▸ **MATERIAL FOR THE TASK**
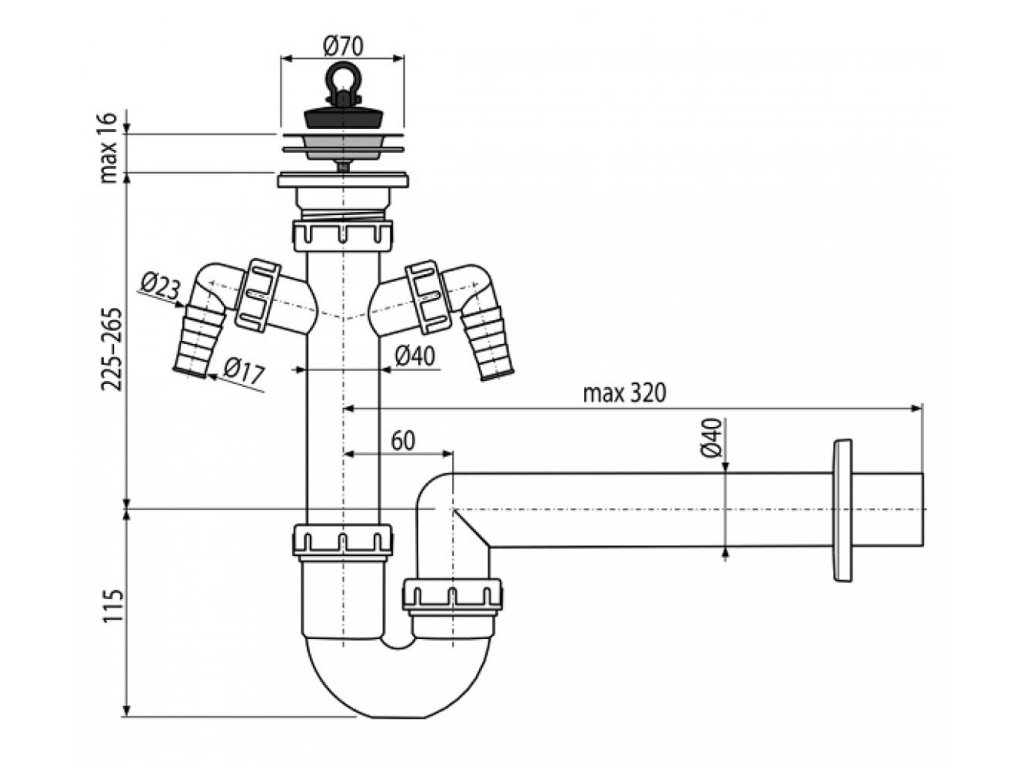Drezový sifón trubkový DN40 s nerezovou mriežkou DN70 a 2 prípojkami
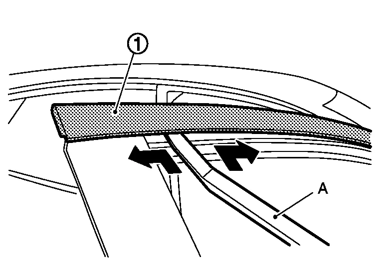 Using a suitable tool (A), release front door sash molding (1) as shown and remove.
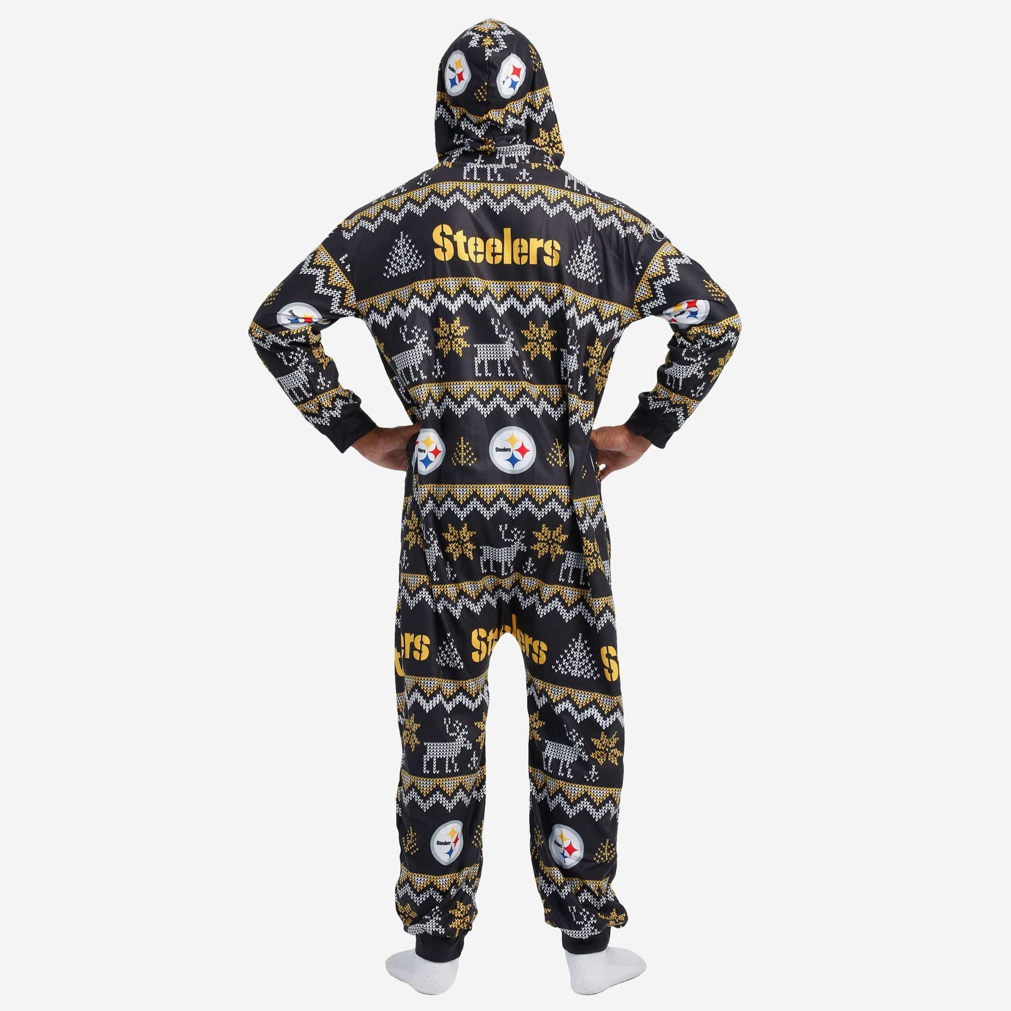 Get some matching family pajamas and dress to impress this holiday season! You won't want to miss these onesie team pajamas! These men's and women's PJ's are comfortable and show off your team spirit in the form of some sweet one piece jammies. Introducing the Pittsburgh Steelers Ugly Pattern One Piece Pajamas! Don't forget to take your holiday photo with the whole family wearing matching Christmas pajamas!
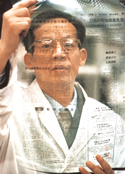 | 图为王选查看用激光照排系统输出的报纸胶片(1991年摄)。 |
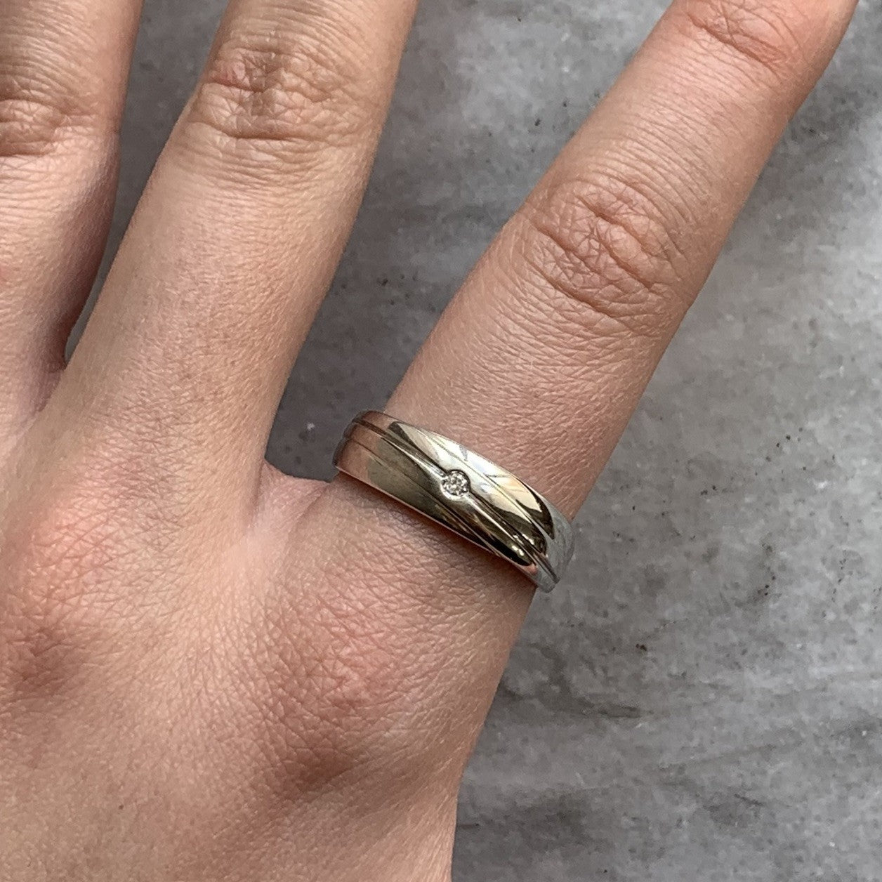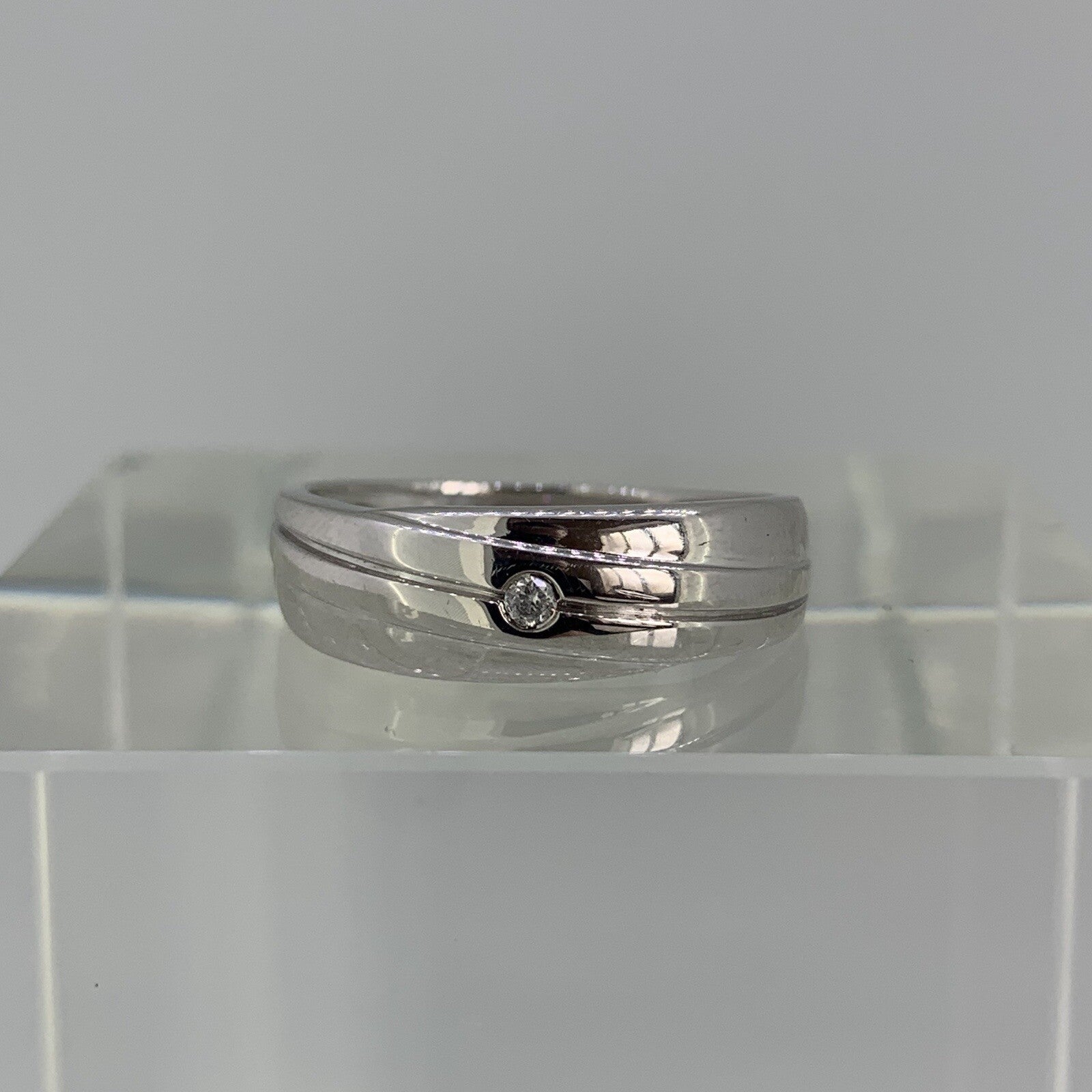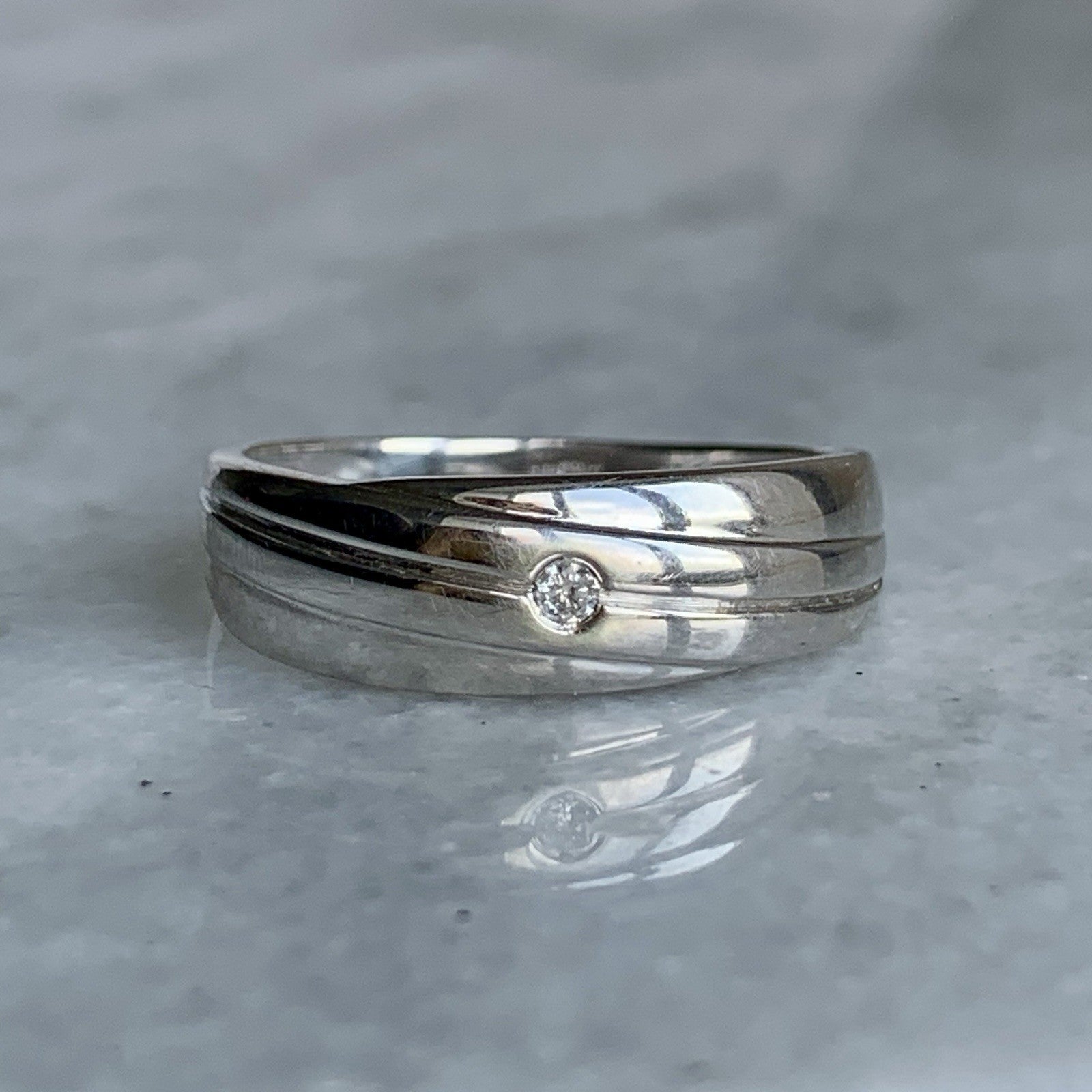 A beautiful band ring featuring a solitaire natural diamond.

▸ **WORK INSTRUCTION**
Write the listing out again in full and unchanged, minus any pictures.

▸ **SOLVED PROBLEM**
Drezový sifón trubkový DN40 s nerezovou mriežkou DN70 a 2 prípojkami
 Using a suitable tool (A), release front door sash molding (1) as shown and remove.
 Get some matching family pajamas and dress to impress this holiday season! You won't want to miss these onesie team pajamas! These men's and women's PJ's are comfortable and show off your team spirit in the form of some sweet one piece jammies. Introducing the Pittsburgh Steelers Ugly Pattern One Piece Pajamas! Don't forget to take your holiday photo with the whole family wearing matching Christmas pajamas!
 | 图为王选查看用激光照排系统输出的报纸胶片(1991年摄)。 |
 A beautiful band ring featuring a solitaire natural diamond.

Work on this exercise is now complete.